The First Man in Rome
When the legions had marched into camp outside Verona, Catulus Caesar knew the first thing he had to do was send word posthaste to Rome of the disaster up the Athesis; if he didn’t, he suspected Sulla would via Gaius Marius, so it was important that his be the first version Rome absorbed. With both the consuls in the field, a dispatch to the Senate was addressed to the Leader of the House, so to Marcus Aemilius Scaurus Princeps Senatus did Catulus Caesar send his report, including with it a private letter which more accurately detailed what had actually occurred. And he entrusted the report and letter, heavily sealed, to young Scaurus, son of the Princeps Senatus, ordering him to take the packet to Rome at the gallop.
“He’s the best horseman we’ve got,” Catulus Caesar said blandly to Sulla.
Sulla eyed him with the same ironic, superior derision he had shown during their interview about the mutiny. “You know, Quintus Lutatius, you own the most exquisitely refined kind of cruelty I’ve ever encountered,” Sulla said.
“Do you wish to countermand the order?” asked Catulus Caesar, sneering. “You have the clout to do so.”
But Sulla shrugged, turned away. “It’s your army, Quintus Lutatius. Do what you like.”
And he had done what he liked, sent young Marcus Aemilius Scaurus posthaste to Rome bearing the news of his own disgrace.
“I have given you this duty, Marcus Aemilius Junior, because I cannot think of a worse punishment for a coward of your family background than to bring to his own father the news of both a military failure and a personal failure,” said Catulus Caesar in measured, pontifical tones.

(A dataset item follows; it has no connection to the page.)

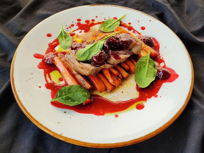 Состав: Обжаренное филе утки прожарки медиум подается с запеченной морковью в медовой глазировке с карри и коньячным соусом с вишней
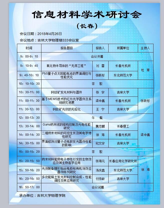 由免费看片 主办的“信息材料学术研讨会”将于2018年4月26日在免费看片 物理楼333会议室举行。本次会议旨在促进学院广大师生在物理相关领域的研究及交流,提高免费看片 教师科研水平、科研能力。会议邀请中国科学院长春光学精密机械与物理研究所、中国科学院长春应用化学研究所、东北师范大学、长春理工大学等高校及科研机构的多位知名专家学者参加。欢迎广大师生积极参与!

Young Scaurus—pallid, hangdog, pounds lighter in weight than he had been two weeks earlier—stood to attention and tried not to look at his general. But when Catulus Caesar named the task, young Scaurus’s eyes—a paler, less beautiful version of his father’s green—dragged themselves unwillingly to Catulus Caesar’s haughty face.
“Please, Quintus Lutatius!” he gasped. “Please, I beg of you, send someone else! Let me face my father in my own time!”
“Your time, Marcus Aemilius Junior, is Rome’s time,” said Catulus Caesar icily, the contempt welling up in him. “You will ride at the gallop to Rome, and give the Princeps Senatus my consular dispatch. A coward in battle you may be, but you are one of the best horsemen we possess, and you have a name sufficiently illustrious to procure you good mounts all the way. You need have no fear, you know! The Germans are well to the north of us, so you’ll find none to threaten you in the south.”
Young Scaurus rode like a sack of meal in the saddle for mile after mile after mile, down the Via Annia and the Via Cassia to Rome, a shorter journey but a rougher. His head bobbed up and down in time to the gait of his horse, his teeth clicking together in a kind of heartbeat, curiously comforting. At times he talked to himself.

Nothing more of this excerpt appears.